I defined a pure virtual function like

virtual void sum()=0; <--- pure virtual function

but If I defined a virtual function in a base class in case of
multilevel inheritance for the base pointer to point the right function
with same signature in base and derived class like--

virtual void sum() { }

Now is this a pure virtual function or not and class containing this
function is abstract class or not ?

Mar 9 '06 #1
3 2121
sudhir wrote:
I defined a pure virtual function like

virtual void sum()=0; <--- pure virtual function

but If I defined a virtual function in a base class in case of
multilevel inheritance for the base pointer to point the right function
with same signature in base and derived class like--

virtual void sum() { }

Now is this a pure virtual function or not and class containing this
function is abstract class or not ?


Could you please give a full example of what you mean? I couldn't really
follow your description, and sometimes, a few lines of code can say more
than a thousand words.

Mar 9 '06 #2
In article <11**********************@u72g2000cwu.googlegroups .com>,
"sudhir" <su*****************@gmail.com> wrote:
I defined a pure virtual function like

virtual void sum()=0; <--- pure virtual function

but If I defined a virtual function in a base class in case of
multilevel inheritance for the base pointer to point the right function
with same signature in base and derived class like--

virtual void sum() { }

Now is this a pure virtual function or not and class containing this
function is abstract class or not ?


The second function above is implemented (as a no op) so it isn't a pure
virtual function. The class it is in may or may not be abstract
depending on whether there are any unimplemented pure-virtual functions.

--
Magic depends on tradition and belief. It does not welcome observation,
nor does it profit by experiment. On the other hand, science is based
on experience; it is open to correction by observation and experiment.
Mar 9 '06 #3
In article <1141900843.424145.167110
@u72g2000cwu.googlegroups.com>,
su*****************@gmail.com says...
I defined a pure virtual function like

virtual void sum()=0; <--- pure virtual function

but If I defined a virtual function in a base class in case of
multilevel inheritance for the base pointer to point the right function
with same signature in base and derived class like--

virtual void sum() { }

Now is this a pure virtual function or not and class containing this
function is abstract class or not ?


The second is not a pure virtual function.

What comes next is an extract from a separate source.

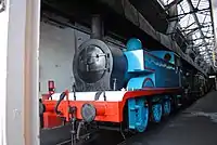| No. 1 "Thomas" (works number 3781 of 1952) | Hunslet Austerity 0-6-0ST | Operational. Originally built by Hunslet as Austerity-type 0-6-0ST saddle tank 3781 of 1952, later named Linda on the Kent & East Sussex Railway. Converted to a side-tank locomotive in order to create a lookalike LB&SCR E2 class No. 1 "Thomas" in 1994. The loco is commonly referred to as "Dave" when not carrying the Thomas identity.[2] | NWR Blue | ![]() |

The difference between the two is simple. In the first
case, you cannot create an instance of this class. To
create an instance, you must derive from this class, and
the pure virtual function must be overridden in a derived
class.

In the second case, you can create an instance of the
class. A derived class may, but is not required to,
override this virtual function. Instances of the derived
class can be created whether the function has been
overridden or not.

--
Later,
Jerry.

The universe is a figment of its own imagination.